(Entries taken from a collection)
"""

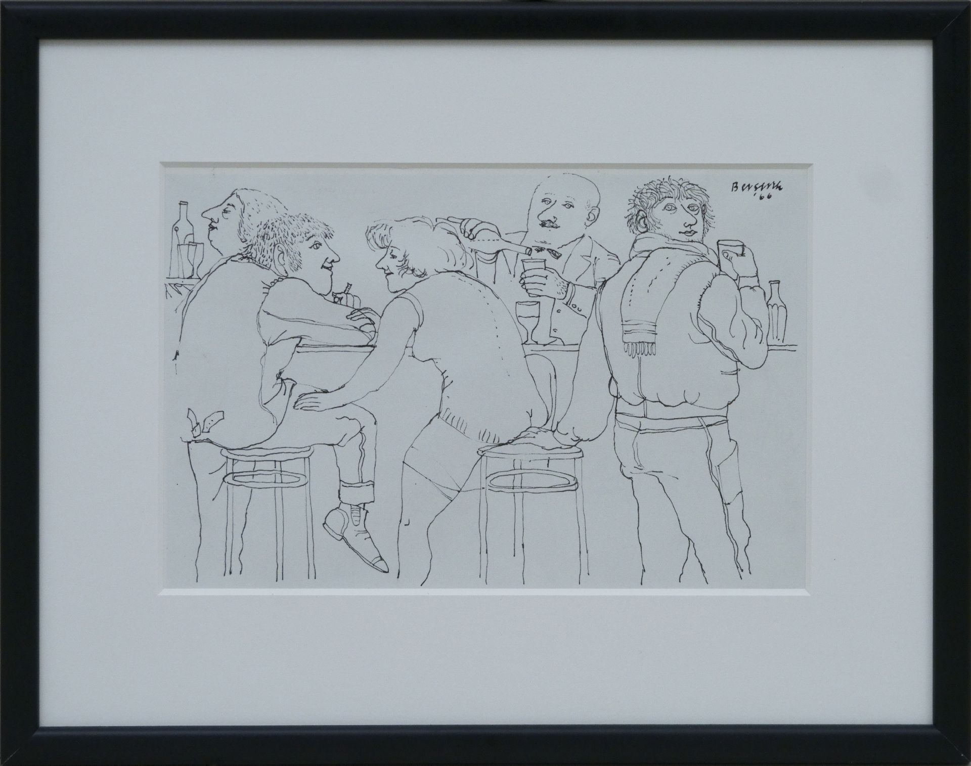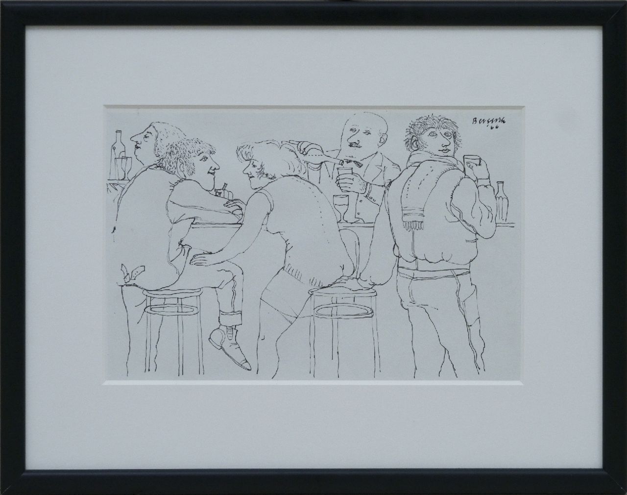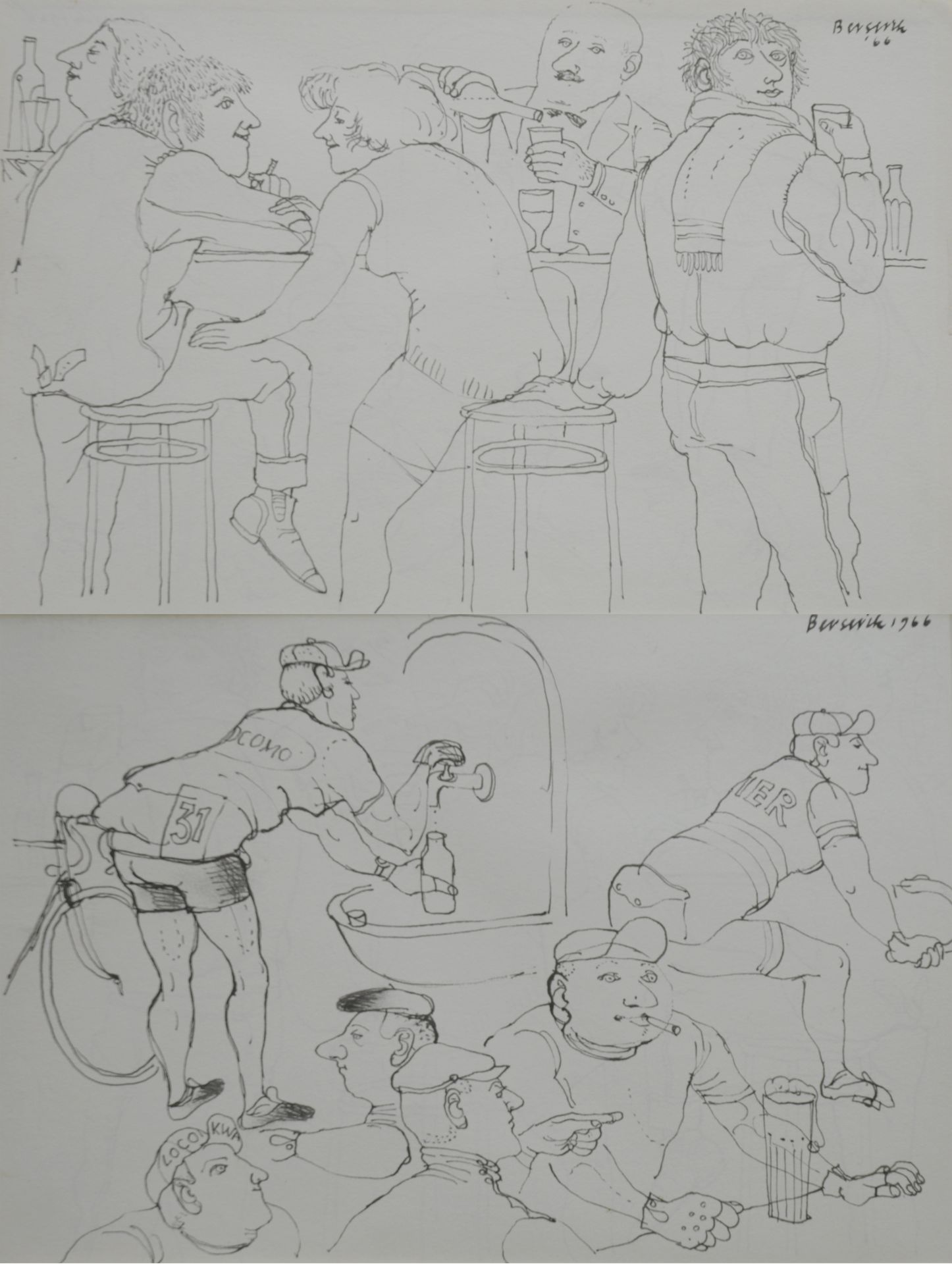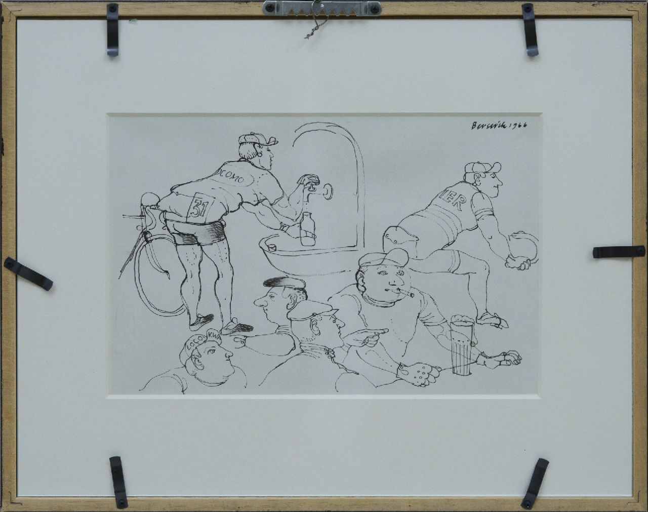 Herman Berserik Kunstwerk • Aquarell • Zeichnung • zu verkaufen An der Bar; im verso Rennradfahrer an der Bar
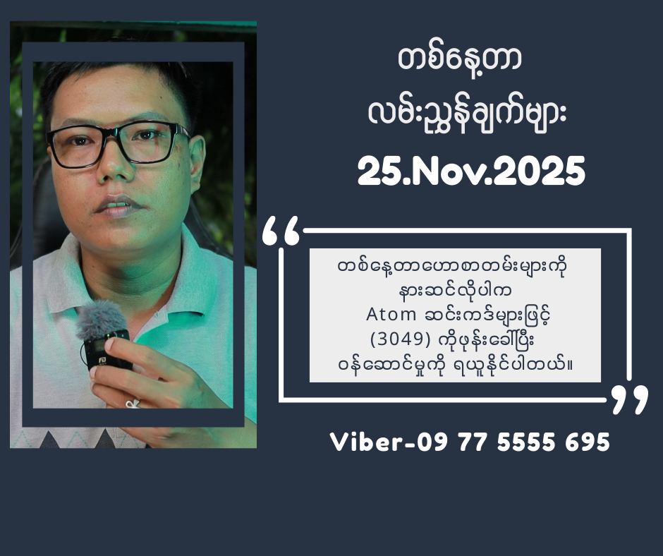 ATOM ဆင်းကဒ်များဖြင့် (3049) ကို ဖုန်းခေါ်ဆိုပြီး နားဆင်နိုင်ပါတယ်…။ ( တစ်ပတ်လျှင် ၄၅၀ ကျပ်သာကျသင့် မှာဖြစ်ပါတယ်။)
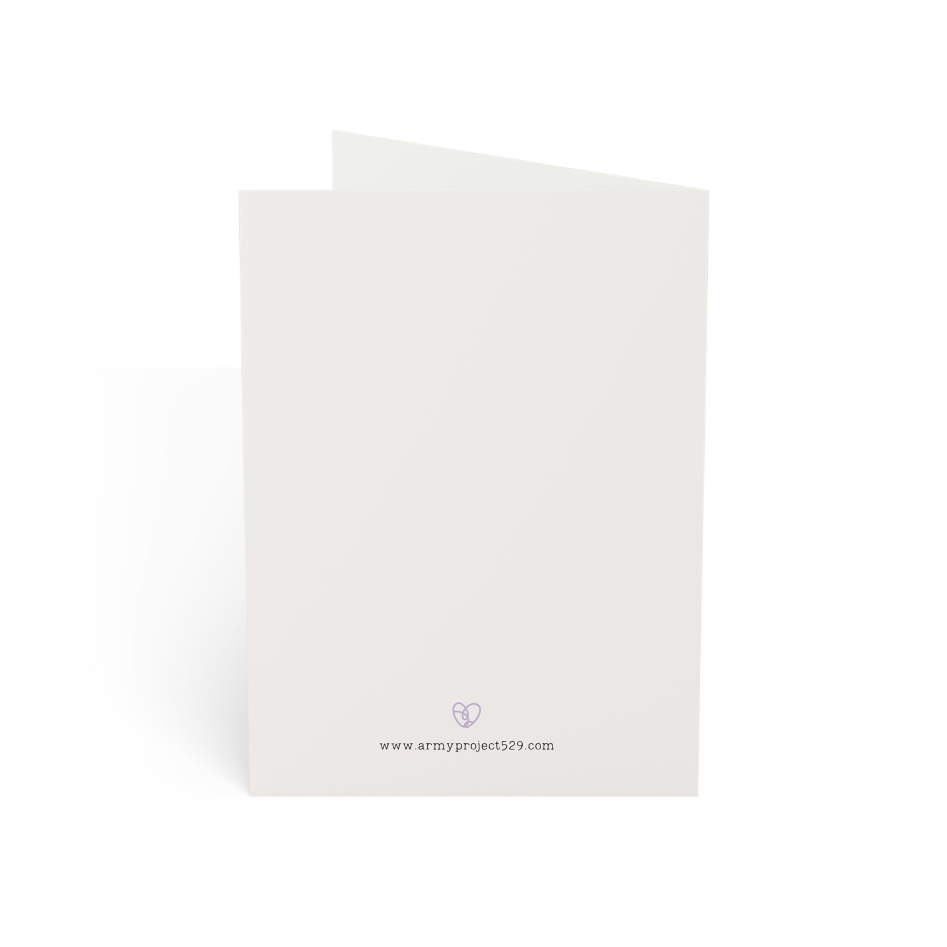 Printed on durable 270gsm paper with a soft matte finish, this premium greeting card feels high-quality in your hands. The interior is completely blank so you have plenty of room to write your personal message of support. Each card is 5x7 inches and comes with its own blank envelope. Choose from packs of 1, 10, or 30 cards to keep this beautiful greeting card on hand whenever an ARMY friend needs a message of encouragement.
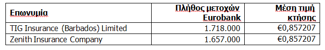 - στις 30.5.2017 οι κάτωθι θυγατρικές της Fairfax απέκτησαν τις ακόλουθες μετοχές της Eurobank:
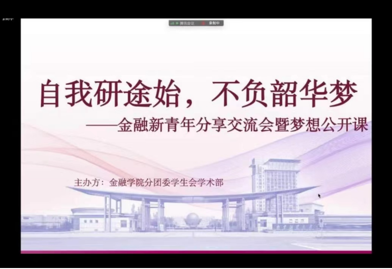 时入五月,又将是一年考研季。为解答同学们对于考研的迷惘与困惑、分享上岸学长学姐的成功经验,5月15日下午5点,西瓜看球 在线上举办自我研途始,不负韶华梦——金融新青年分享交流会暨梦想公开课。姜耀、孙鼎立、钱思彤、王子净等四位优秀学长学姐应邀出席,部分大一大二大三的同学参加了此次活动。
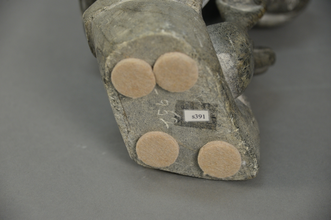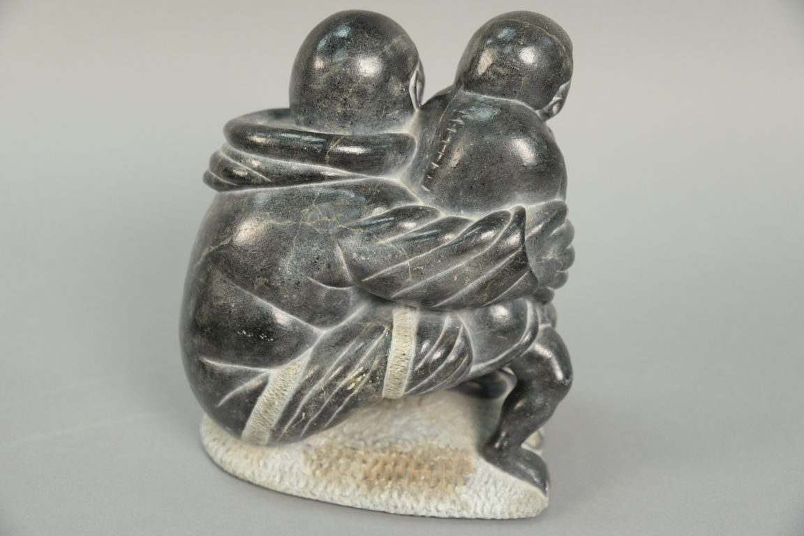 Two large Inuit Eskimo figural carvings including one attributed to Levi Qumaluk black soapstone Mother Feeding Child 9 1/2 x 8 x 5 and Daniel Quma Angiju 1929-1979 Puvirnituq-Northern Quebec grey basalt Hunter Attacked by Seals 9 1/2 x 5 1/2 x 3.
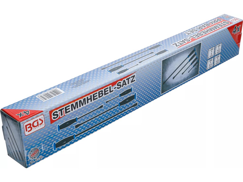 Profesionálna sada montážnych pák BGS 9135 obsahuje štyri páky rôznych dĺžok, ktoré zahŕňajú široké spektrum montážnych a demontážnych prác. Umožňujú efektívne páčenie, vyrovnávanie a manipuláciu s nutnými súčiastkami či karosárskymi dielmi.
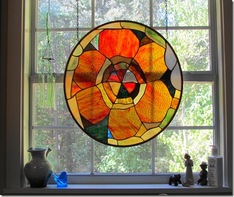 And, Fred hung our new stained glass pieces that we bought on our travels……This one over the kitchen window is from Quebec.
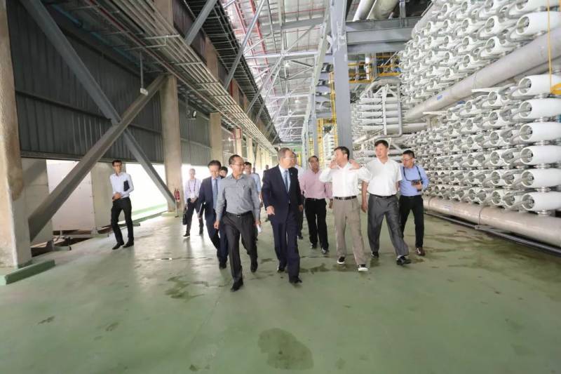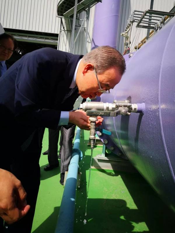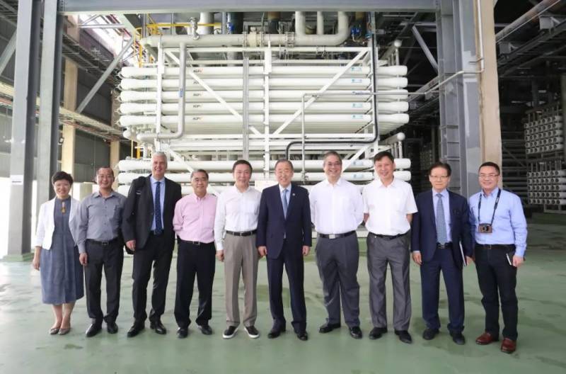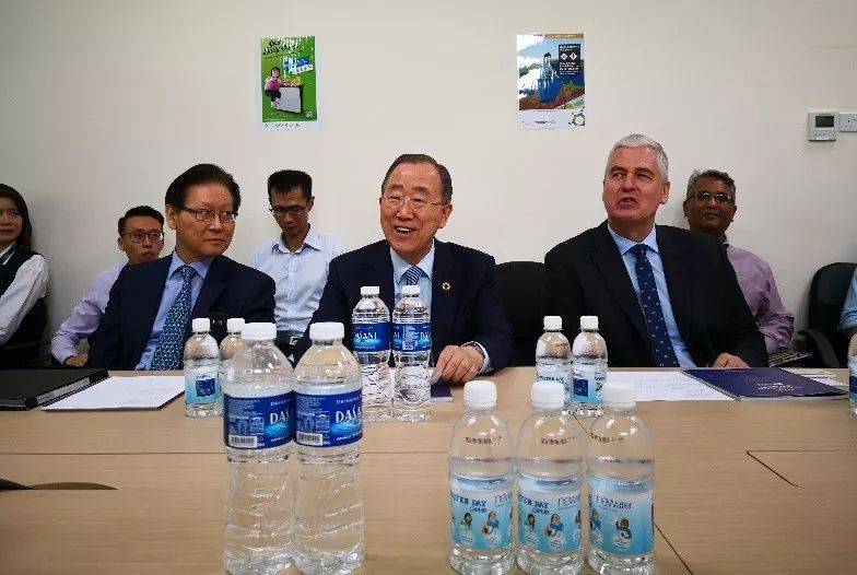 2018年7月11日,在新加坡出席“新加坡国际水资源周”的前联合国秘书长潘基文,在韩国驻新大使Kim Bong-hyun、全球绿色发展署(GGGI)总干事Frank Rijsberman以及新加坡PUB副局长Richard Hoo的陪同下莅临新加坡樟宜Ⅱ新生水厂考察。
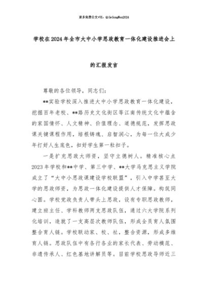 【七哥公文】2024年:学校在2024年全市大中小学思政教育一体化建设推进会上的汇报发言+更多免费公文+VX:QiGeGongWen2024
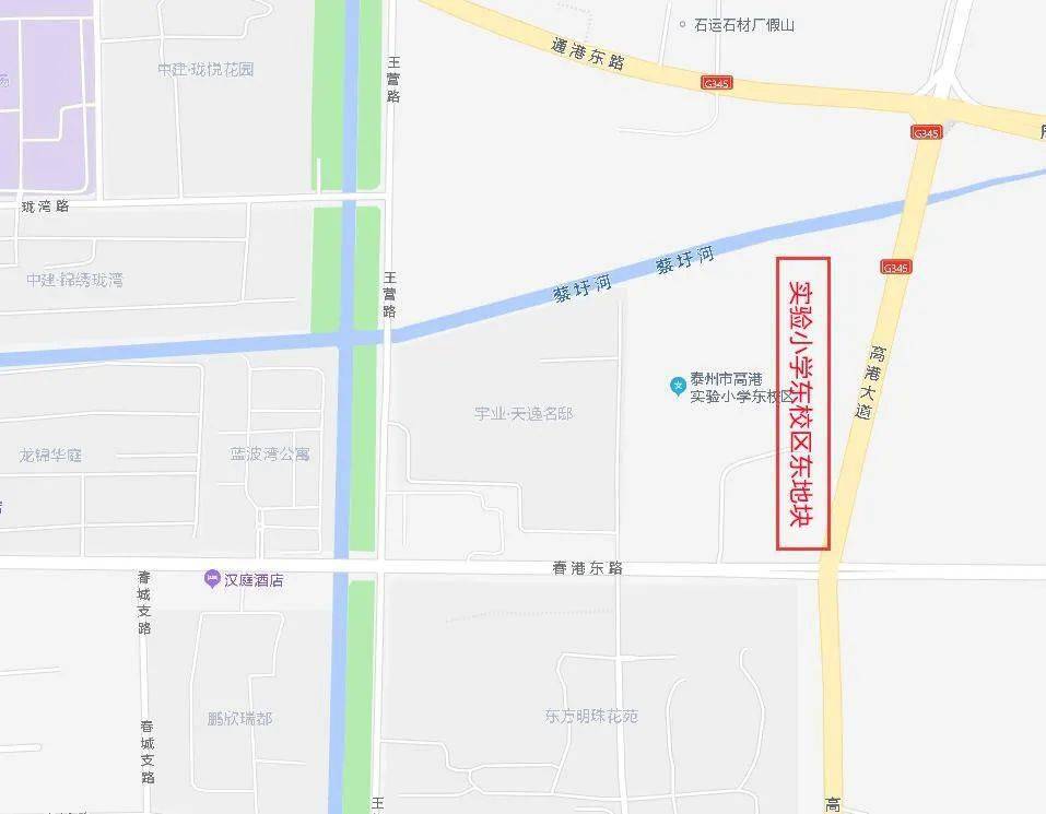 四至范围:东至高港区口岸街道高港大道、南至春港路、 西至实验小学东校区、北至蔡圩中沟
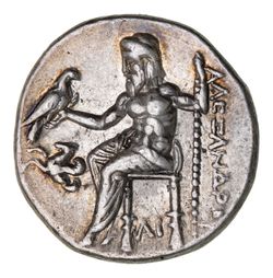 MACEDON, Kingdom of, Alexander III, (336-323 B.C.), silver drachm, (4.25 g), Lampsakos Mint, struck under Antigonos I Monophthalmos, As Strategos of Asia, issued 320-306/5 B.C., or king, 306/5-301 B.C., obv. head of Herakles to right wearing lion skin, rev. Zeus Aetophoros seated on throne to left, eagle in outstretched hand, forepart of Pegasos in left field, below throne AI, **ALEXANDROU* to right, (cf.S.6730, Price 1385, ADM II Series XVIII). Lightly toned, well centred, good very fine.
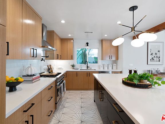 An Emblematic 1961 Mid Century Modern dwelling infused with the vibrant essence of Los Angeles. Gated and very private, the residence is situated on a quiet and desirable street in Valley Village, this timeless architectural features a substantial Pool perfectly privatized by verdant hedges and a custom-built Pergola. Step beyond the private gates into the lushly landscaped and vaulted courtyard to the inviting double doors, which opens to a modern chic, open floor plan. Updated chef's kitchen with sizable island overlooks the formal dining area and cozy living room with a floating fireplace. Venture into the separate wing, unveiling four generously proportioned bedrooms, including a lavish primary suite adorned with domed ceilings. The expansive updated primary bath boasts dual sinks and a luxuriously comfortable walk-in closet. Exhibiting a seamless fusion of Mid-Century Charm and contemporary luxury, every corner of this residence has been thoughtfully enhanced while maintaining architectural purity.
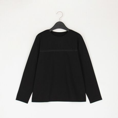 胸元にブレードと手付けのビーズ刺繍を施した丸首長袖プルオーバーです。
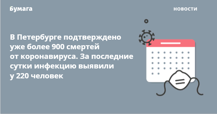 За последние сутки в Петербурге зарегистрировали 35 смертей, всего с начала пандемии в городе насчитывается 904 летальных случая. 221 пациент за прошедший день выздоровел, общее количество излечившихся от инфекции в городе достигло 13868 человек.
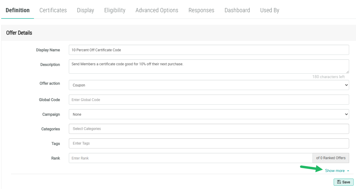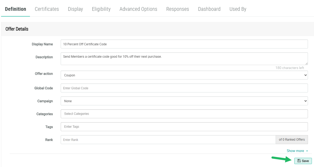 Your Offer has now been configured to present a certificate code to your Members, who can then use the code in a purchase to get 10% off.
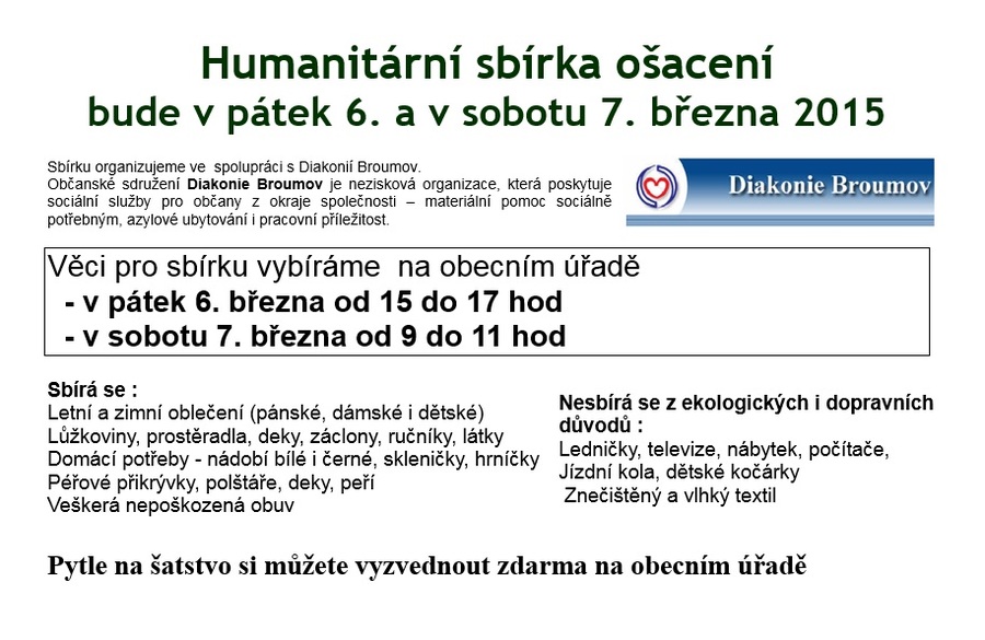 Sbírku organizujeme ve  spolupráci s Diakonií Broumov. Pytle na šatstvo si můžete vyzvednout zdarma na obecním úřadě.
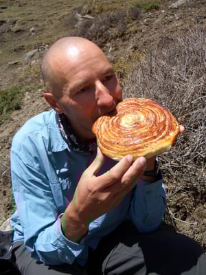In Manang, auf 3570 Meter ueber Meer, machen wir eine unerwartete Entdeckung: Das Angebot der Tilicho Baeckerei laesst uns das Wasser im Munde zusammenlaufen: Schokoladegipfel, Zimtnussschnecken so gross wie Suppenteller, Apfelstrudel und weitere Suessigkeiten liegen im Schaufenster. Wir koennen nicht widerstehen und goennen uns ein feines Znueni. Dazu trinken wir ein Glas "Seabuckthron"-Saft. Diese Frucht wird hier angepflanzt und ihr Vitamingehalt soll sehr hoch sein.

"""

Each line above that falls between the line with "胸元にブレードと手付けのビーズ刺繍を施した丸首長袖プルオーバーです。" and the line with "Sbírku organizujeme ve  spolupráci" should be printed exactly, together with those two lines, but the pictures should not.

→ **Completed task**:
 胸元にブレードと手付けのビーズ刺繍を施した丸首長袖プルオーバーです。
 За последние сутки в Петербурге зарегистрировали 35 смертей, всего с начала пандемии в городе насчитывается 904 летальных случая. 221 пациент за прошедший день выздоровел, общее количество излечившихся от инфекции в городе достигло 13868 человек.
 Your Offer has now been configured to present a certificate code to your Members, who can then use the code in a purchase to get 10% off.
 Sbírku organizujeme ve  spolupráci s Diakonií Broumov. Pytle na šatstvo si můžete vyzvednout zdarma na obecním úřadě.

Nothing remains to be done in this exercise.